Connectivities / KNN Graph#

Audience: computational users
Time: 10–20 minutes
Goal: export a cell–cell graph safely (without shape/order bugs).

connectivities is an optional (n_cells, n_cells) adjacency/connectivity matrix.

In the Cellucid ecosystem, this is typically a KNN/SNN graph derived from:

  • scRNA-seq neighbor graphs,

  • integrated embeddings,

  • or any graph you want to visualize/use for neighbor-based interactions.

Requirements#

  • shape must be (n_cells, n_cells)

  • rows/cols must correspond to the same cell ordering as embeddings/obs

  • input can be:

    • a base R matrix, or

    • a Matrix::Matrix sparse matrix (recommended)

  • the Matrix package must be installed to export connectivities

Note

If you do not need connectivity features, skip this entirely. Exports load fine without it.

What cellucid-r does with the matrix#

The exporter turns your connectivity matrix into an undirected, unweighted edge list:

  1. Converts to a sparse matrix (if needed).

  2. Symmetrizes: conn_sym = conn + t(conn).

  3. Binarizes: any non-zero becomes 1.

  4. Extracts edges and keeps only unique undirected pairs (src < dst).

  5. Writes two parallel arrays:

    • edges.src.bin

    • edges.dst.bin

Indices are zero-based in the binary files.

Output files#

  • connectivity_manifest.json

  • connectivity/edges.src.bin (or .gz)

  • connectivity/edges.dst.bin (or .gz)

The manifest records:

  • n_cells

  • n_edges

  • max_neighbors (max degree after symmetrization)
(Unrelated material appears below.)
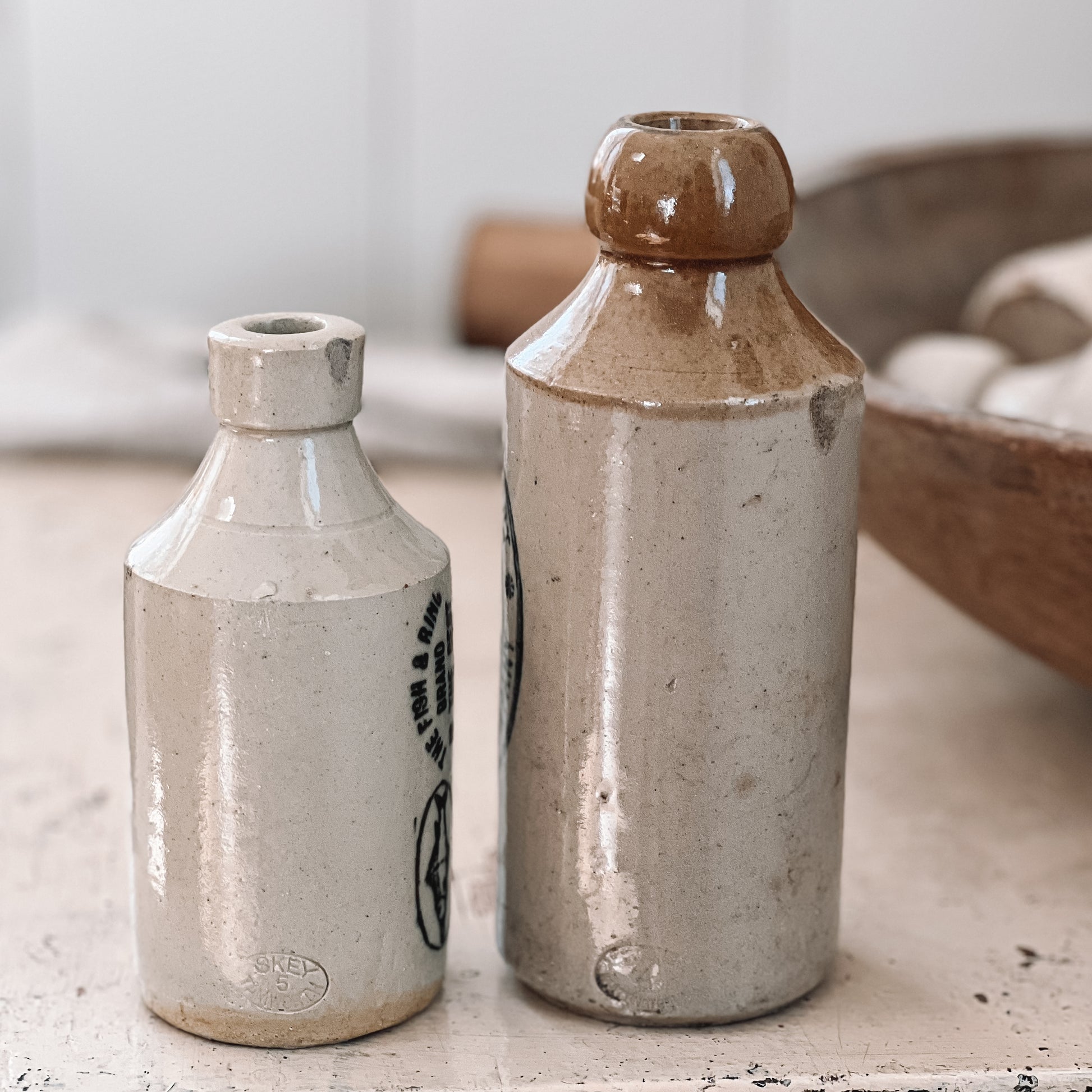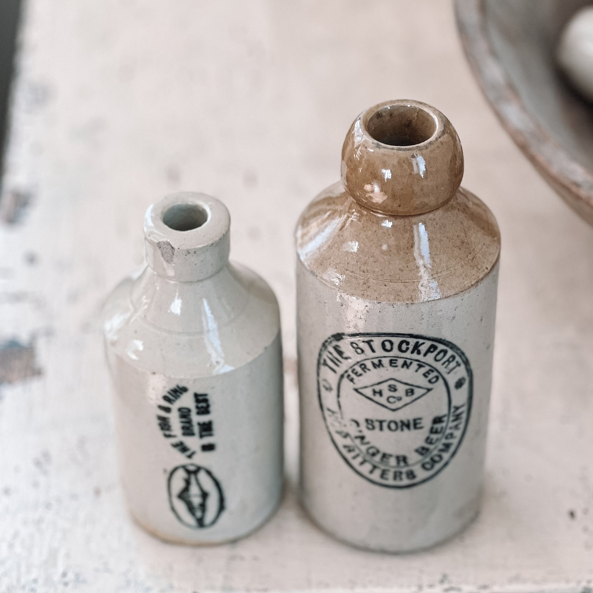[K] The Stockport Hop Bitters Company, Two Tone Tan and Caramel Glazed Bottle measures ~7"h

  • index_dtype / index_bytes (uint16, uint32, or uint64 depending on n_cells)

Index dtype and dataset size limits#

Cell indices are stored using the smallest unsigned integer that fits:

n_cells

dtype

≤ 65,535

uint16

≤ 4,294,967,295

uint32

larger

uint64

Practical recipes (where to get a graph)#

Seurat#

Seurat often stores graphs in seu@graphs, for example:

  • seu@graphs$RNA_snn

You must ensure it matches the cell order you export:

cells <- colnames(seu)
conn <- seu@graphs$RNA_snn
conn <- conn[cells, cells]

Then pass connectivities = conn.

SingleCellExperiment#

Graph storage varies by workflow. Common patterns include:

  • adjacency matrices stored in metadata(sce)
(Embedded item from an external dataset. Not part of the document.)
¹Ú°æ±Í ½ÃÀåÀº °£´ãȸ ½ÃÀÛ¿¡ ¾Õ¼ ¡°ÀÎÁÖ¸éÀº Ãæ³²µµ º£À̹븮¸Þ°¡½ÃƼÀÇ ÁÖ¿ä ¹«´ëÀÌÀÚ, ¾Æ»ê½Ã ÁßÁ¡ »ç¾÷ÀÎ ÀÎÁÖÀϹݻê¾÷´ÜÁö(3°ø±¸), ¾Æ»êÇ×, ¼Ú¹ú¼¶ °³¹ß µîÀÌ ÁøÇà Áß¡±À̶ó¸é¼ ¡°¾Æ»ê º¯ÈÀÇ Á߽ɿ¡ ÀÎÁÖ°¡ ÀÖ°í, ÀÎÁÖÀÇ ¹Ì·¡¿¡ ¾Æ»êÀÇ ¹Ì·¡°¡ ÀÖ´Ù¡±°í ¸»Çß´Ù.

  • KNN graphs stored as edge lists / igraph objects

If you can obtain an adjacency matrix conn with shape (n_cells, n_cells), you can export it.

Edge cases#

Directed or asymmetric graphs#

Export always symmetrizes. If you pass a directed graph, the output becomes undirected.

Weighted graphs#

Weights are discarded (non-zero becomes 1). If you need weights for analysis, keep them elsewhere.

Dense matrices#

A dense (n_cells, n_cells) matrix becomes huge quickly. Prefer sparse matrices.

Troubleshooting pointers#

  • “Matrix package is required to export connectivity matrices” → install Matrix.

  • “Connectivity matrix shape … does not match number of cells” → you have an ordering or subset mismatch.

  • Viewer is slow/crashes after adding connectivities → your graph is too dense (too many edges).